→ **Source data**:
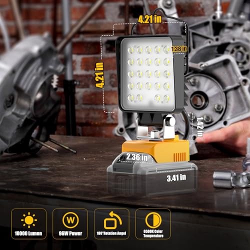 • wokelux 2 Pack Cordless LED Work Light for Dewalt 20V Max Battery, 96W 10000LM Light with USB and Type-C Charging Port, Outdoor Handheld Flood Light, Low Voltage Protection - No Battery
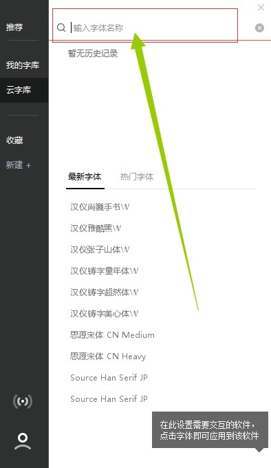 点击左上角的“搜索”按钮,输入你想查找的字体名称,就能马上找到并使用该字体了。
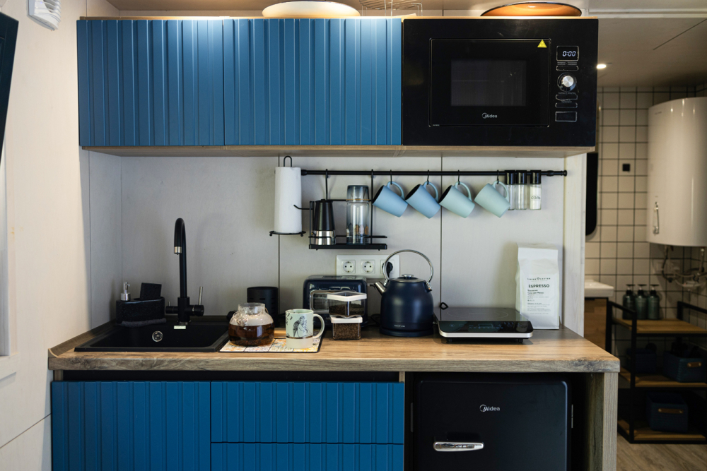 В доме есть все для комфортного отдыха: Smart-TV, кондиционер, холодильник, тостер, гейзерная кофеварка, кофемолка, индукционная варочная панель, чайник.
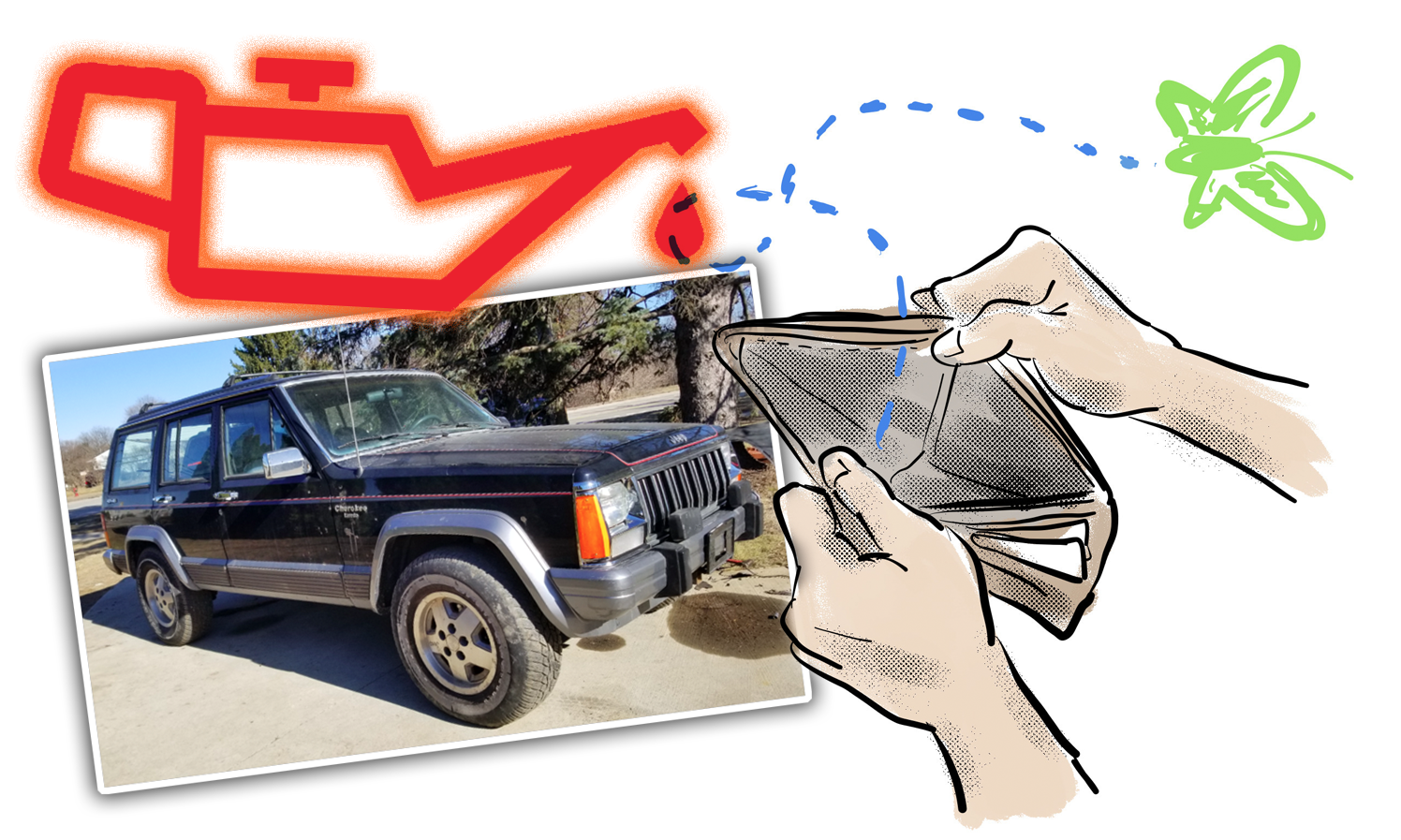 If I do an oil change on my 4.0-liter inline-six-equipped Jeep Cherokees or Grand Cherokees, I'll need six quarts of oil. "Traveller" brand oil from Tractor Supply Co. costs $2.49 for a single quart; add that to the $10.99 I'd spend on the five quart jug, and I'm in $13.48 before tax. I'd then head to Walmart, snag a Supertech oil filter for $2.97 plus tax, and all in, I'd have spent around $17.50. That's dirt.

→ **Problem details**: Give again, word for word, only the lines from the line containing "В доме есть" through the last line above, both included; leave the pictures out.

→ **Task output**:
 В доме есть все для комфортного отдыха: Smart-TV, кондиционер, холодильник, тостер, гейзерная кофеварка, кофемолка, индукционная варочная панель, чайник.
 If I do an oil change on my 4.0-liter inline-six-equipped Jeep Cherokees or Grand Cherokees, I'll need six quarts of oil. "Traveller" brand oil from Tractor Supply Co. costs $2.49 for a single quart; add that to the $10.99 I'd spend on the five quart jug, and I'm in $13.48 before tax. I'd then head to Walmart, snag a Supertech oil filter for $2.97 plus tax, and all in, I'd have spent around $17.50. That's dirt.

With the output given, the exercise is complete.